- Coat-of-arms de La Roche
- Died: before 1291
- Noble family: De la Roche
- Spouses: Geoffrey of Briel Hugh, Count of Brienne
- Issue: Walter V, Count of Brienne Agnes
- Father: Guy I de la Roche

= Isabella de la Roche =

French noblewoman

Isabella de la Roche (died before 1291) was a daughter of Guy I de la Roche. She was married twice, firstly to Geoffrey of Briel, Lord of Karytaina and then secondly to Hugh, Count of Brienne, having children only with her second husband.

==Life==
Isabella's date of birth is unknown. She was the fifth of six children, her siblings included: John I de la Roche, William de la Roche and Alice de la Roche, who was regent of Beirut. Her father Guy was created Duke of Athens in 1260 by King Louis IX of France.

Isabella was married firstly in 1256 to Geoffrey of Briel, Lord of Karytaina. The couple were married for thirteen years however, no children were born in this time. In 1269, Geoffrey died of fever while commanding the garrison at Skorta. Upon Geoffrey's death, Isabella received the half of the barony as her dower, the other half going to the prince William II of Villehardouin as suzerain of the barony.

In 1277, Isabella was married a second time, this time to Hugh, Count of Brienne, a claimant to the thrones of Cyprus and Jerusalem. Their children became part of the Brienne claim to the Kingdom of Jerusalem.

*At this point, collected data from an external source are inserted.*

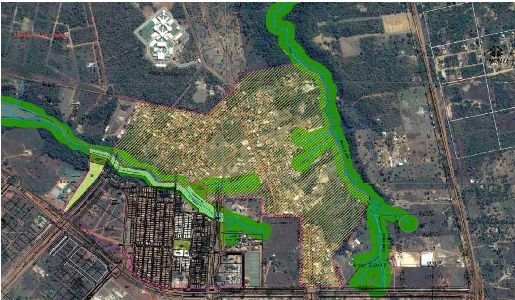
Figura 01 - Área de Estudo Lago Norte

O loteamento possui escassos serviços de infraestrutura básica, servido apenas pela coleta de lixo, abastecimento de água potável, energia elétrica e iluminação pública. O acesso à área dá-se principalmente pelas NS – 8 e Alameda 12 do setor Santo Amaro.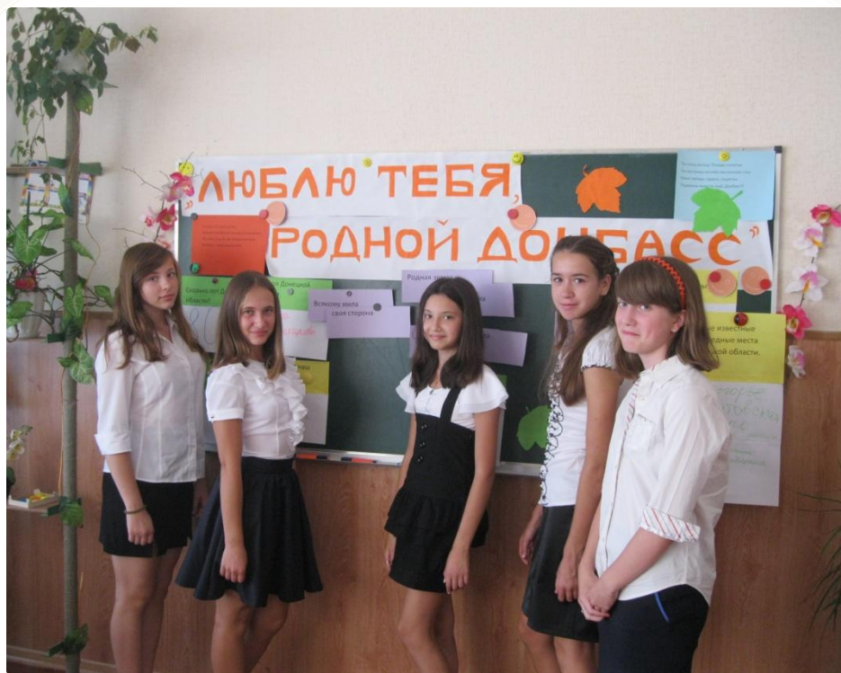
Первый урок , сентябрь- 2015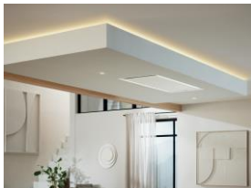
Foto 1: Harmonisch fügt sich das neue Deckengebläse im Farbton Mattweiß ins Küchenumfeld ein.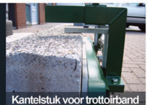
Kantelstuk voor trottoirband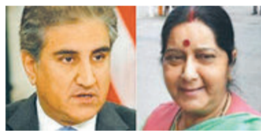
साह मोहम्मद कुरेसी र सुषमा स्वराज

अमेरिकाको न्युयोर्कमा आगामी साता हुने राष्ट्रसंघको ७३ औं महासभा बैठकका अवसरमा भारत र पाकिस्तानबीच वार्ता हुने भएको छ ।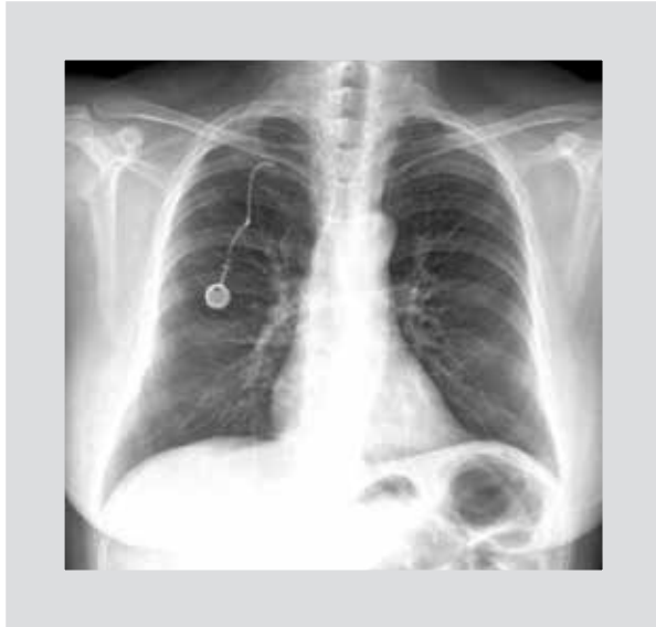
Figura 1. Radiografía de tórax posteroanterior en la que se observa el catéter ocupando las ramas pulmonares derecha, izquierda y el tronco pulmonar.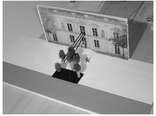
Paysage avec cascade , projet pour installation extérieure à la Maison des Arts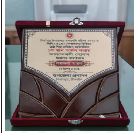
Memento of Excellence conferred on Bharateswari Homes from Mirzapur Upazila Administration for best performance in SSC Examination : 2022

কুমুদিনীর পক্ষ থেকে প্রত্যেক উত্তীর্ণ পরীক্ষার্থীর উজ্জ্বল ভবিষ্যৎ কামনা করি। ●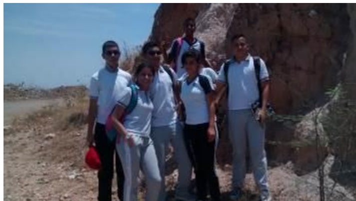
Equipo Jóvenes Auditores Sociales I.E. Jorge Robledo Vijes

Robledo, quienes realizaron control social participativo el martes 15 de septiembre/15, con la aplicación de encuesta relacionada con el tema del Comparendo Ambiental a los habitantes del Barrio Patio Bonito I y visita de inspección a sitio montañoso seleccionado por los estudiantes como crítico del Municipio por la acumulación indiscriminada de escombros y residuos sólidos, en el lote denominado “El Portachuelo”.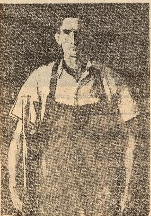
ALEXANDRU CIUCURENCU „Portret de muncitor (stînga)”

În portretele expuse artiștii s-au străduț să înfrunghie avîntul cerului, dragostea de patrie, înaltele trăsături morale ale constructorilor socialismului, cultivate de partid. Întîmpinarea însușită a universității celor patru decenii de la înființarea partidului a constituit pentru artiștii plastici un prilej de verificare și întărire a forțelor pentru a merge mai departe pe drumul larg deschis al progresului artei noastre realist-socialiste.

The couple had two children:
- Walter V of Brienne (d. 1311), Duke of Athens, Hugh's heir.
- Agnes of Brienne, married John, Count of Joigny

Isabella's date of death is unknown however, she did not outlive Hugh as he remarried in 1291 to Helena Komnena Dukaina, meaning Isabella must have died before 1291. Hugh and Helena had another daughter named Joanna. Through Isabella, her son Walter was able to claim Duchy of Athens in 1308 upon the death of his cousin Guy II de la Roche.